I was living in Venezuela when my daughter was diagnosed with type 1 diabetes when she was 4. She is now 7 and is very bright, full of energy and very positive. I haven’t had very good access to profesional help. The doctor I would visit was a days’ travel away so we would try to see him every 6 months. I have now moved to Curacao, a small island where there is only one children’s doctor with whom I have made an appointment.

I recently bought a Dexcom CGM and we try to keep her within the range of about 80 to 200 mg/dl [4.5 to 11.1 mmol/L]. My daughter is on injections. In the morning, we give her 15 units of Lantus. She also gets Humalog. She goes to school from 7 until 1:15. During this time, we don’t give her any insulin so sometimes she goes high. I have a nagging feeling I’m not doing enough. Should I be aiming for much tighter levels? When she is at school, should I find a way to give her insulin? At what point should we get a pump? It’s very hard when you are self funding the cost of the CGM and the Omnipod is like another mortgage. Am I doing the best job of looking after my daughter? Any advice would be greatly appreciated.

Answer:

From: DTeam Staff

It sounds like you are very well motivated and educated and doing a good job with your daughter having such a positive attitude. Understanding Diabetes by Dr. Peter Chase and Type 1 Diabetes in Children, Adolescents and Young Adults by Dr. Ragnar Hanas are the two best books to get and read as a parent since they are excellent, comprehensive and up-to-date about your options monitoring, insulin, multi-dose-insuln regimen, pumps and CGMS. Dr. Chase’s book is available online. You should be able to find Dr. Hanas’ book on Amazon.

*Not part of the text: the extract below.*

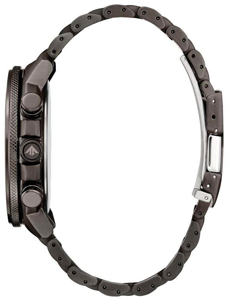 Citizen Gents Gun Metal / Gray, Stainless Steel Bracelet Day & Date, Sapphire Crystal, 200m 20ATM Water Resistant, 24 Hour Dial Eco-Drive Watch - A bold 46mm stainless steel case in a dark grey tone centres the design, with the professional-grade pilot’s watch mission-ready on the wrist, fully equipped with a bold set of chronograph pushers, 5-link steel bracelet, and an outer slide rule bezel. Towards the 6 o'clock position, a namesake northern hemisphere disc rotates counter clockwise, with the detail showcasing the world time with an old world map inspired design. Other standard and advanced functions of the watch include running hours and minutes, date indication, power reserve indication, world time, and a slide rule bezel function. This distinctive sports watch utilizes Citizen's Eco-Drive technology that’s sustainably powered by any light and never needs a battery. Water resistant up to 200 metres.

Most of us would recommend Lantus twice-a-day and not just once-a-day with sufficient blood glucose monitoring to guide mealtime dosing. This depends on affordability and availability of blood glucose strips. Optimal would be before and about 2 hours afer meals and occasional middle-of-the-night monitoring. If you are using the Dexcom, this fills in those gaps but it is expensive without insurance to pay for the sensors.

You should be able to do MDI treatment with 5 or 6 injections each day and get excellent results coupled with carbohydrate counting and analysis of blood glucose data so the extra expenses of an insulin pump are not automatically needed. If money were not the issue, or you had insurance to cover thse costs, the pump provides more flexibility, allows extended boluses with square or dual waves and the newest Medtronic pumps actually have sensors (Enlite) that communicate directly with the pump and provide automatic low glucose suspend if needed. DexCom sensors talk to some of the pumps but still do not communicate with any of the pumps although there are still rumors that this will occur. We wait to see the reality. You can go to the Medtronic website to get more current information.

Keep up the good work, use the blood glucose monitoring to learn how you are doing and maximize the benefits of MDI. Best of luck.